Mutable vs immutable infrastructure
A mutable approach to infrastructure is where you can change the state of the infrastructure to another. An immutable approach to infrastructure is when you don’t change the infrastructure to another form. Instead, you create new infrastructure and retire the old infrastructure.
There is a benefit to this non-changeability, which we will get to in a moment. But first, let’s go through an example, which is an abridged version of Armon Dadgar’s explanation of mutable vs immutable infrastructure.
Say you have a server version 1 running Apache and your team decides to switch to NGINX for version 2. In a mutable environment, you’re essentially upgrading the existing infrastructure. You’d run the IaC config tool (e.g. Ansible) to the Apache server to execute the change to NGINX.
There is a benefit to this:
We already have this existing server. Maybe we have data that we've written locally and that our web server is consuming. When we update in place [with mutable configuration], we don't have to worry about moving the data around to other machines, creating a new machine, all of the infrastructures already exists. All we're gonna do is perform this upgrade. — Armon Dadgar, CTO at Hashicorp
The issue with this is that things in the real world can go wrong, especially during an upgrade procedure. Mutable infrastructure faces the risk of messy version control, as we’ll now explore by continuing on with the Apache → NGINX example.
Let’s say we run this code to install NGINX: apt-get install NGINX
but then the APT repo isn’t responsive, or the network is lagging excessively, or a myriad of other things.

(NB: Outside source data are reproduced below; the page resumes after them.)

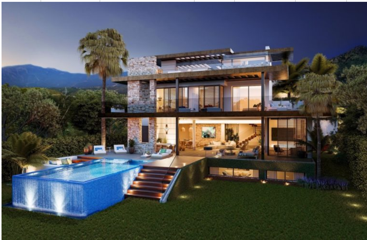
Recreación facilitada por la promotora.

La promotora Altur Homes ha lanzado en el municipio malagueño de Benahavís Be Lagom, el primer proyecto sostenible orgánico de España que ya cuenta con licencia de obra y que albergará 13 villas de lujo “concebidas y sensiblemente diseñadas mediante una inigualable combinación de materiales inspirados en las preferencias más valoradas actualmente: la sostenibilidad, la alimentación orgánica y la economía circular”.
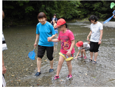
水とっても気持ちよかった♡
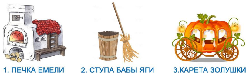
1. ПЕЧКА ЕМЕЛИ

Найди среди них предмет, попавший сюда случайно из иноземного государства.
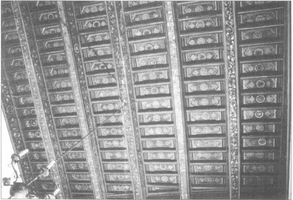
Fig. 1 Alfarje. Casa de los Señores de El Carpio.
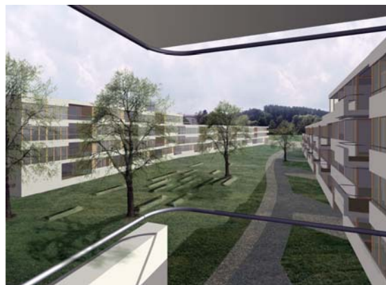
Rendering Blick von Balkon auf beide Häuser
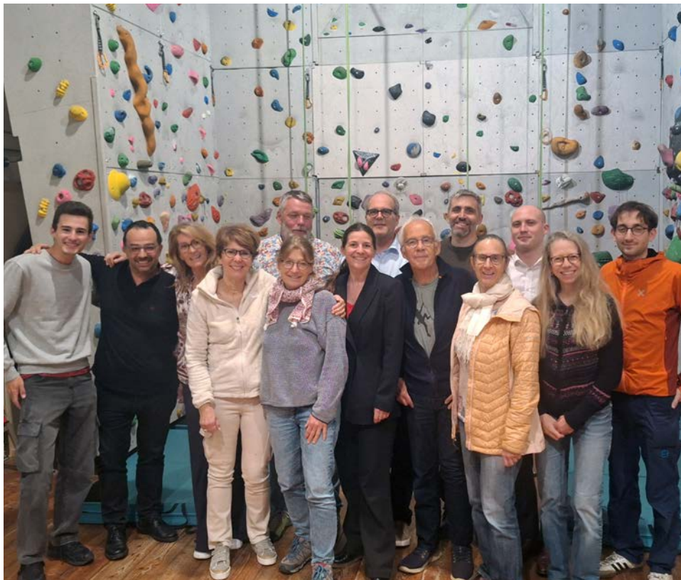
Devant le mur de grimpe, in corpore, les membres de l'actuel comité.

The risk is that NGINX might not get installed properly or at all. So the provisioning tool has executed the version change, but it’s not what we expected.

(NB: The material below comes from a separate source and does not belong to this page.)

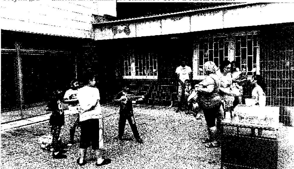
Letné športové hry pre deti zo sociálne slabšieho prostredia
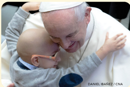
DANIEL IBAÑEZ / CNA

This creates three inter-related issues:
You haven’t necessarily achieved the goal state of Version 2 having NGINX for the webserver
It’s difficult to test half-successful upgrades because there may be variability in performance
Upgrades done at scale means varying degrees of change depending on the real-world issue with the network, repo etc
In a large scale web server change configuration, you may end up with:
most servers having NGINX installed and running 😄
some servers with no NGINX installed 😔 and
a few servers with NGINX installed but no webserver running 😕
An immutable approach does away with the risk of half-upgraded virtual or physical servers. You would follow this process for the Apache → NGINX example:
Keep running Apache server while you complete steps 2 to 4
Spool up a new virtual machine
Install and configure NGINX webserver on that
Test that all parameters are performant
Retire the Apache server
It may seem a lot more work than simply upgrading the existing Apache server to NGINX, but may save on the above risk of varying NGINX installs.
Coburn Watson is head of infrastructure & SRE at Pinterest. His take on the issue might sum up the whole argument for moving away from mutable infrastructure. In the 2018 book, Seeking SRE, he wrote:
"I think we’ve all worked at companies where we upgrade something [mutable], and it turns out it was bad and we spend the night firefighting it because we’re trying to get the site back up because the patch didn’t work. [Now] when we go to put new code into production, we never upgrade anything, we just push a new version alongside the current code base.”
Note that immutable infrastructure works best if the various application components run on separate servers. In particular, store data on another server. So when you run a create-retire routine like above, you don’t risk precious user data in the process.
I hope you found this breakdown useful.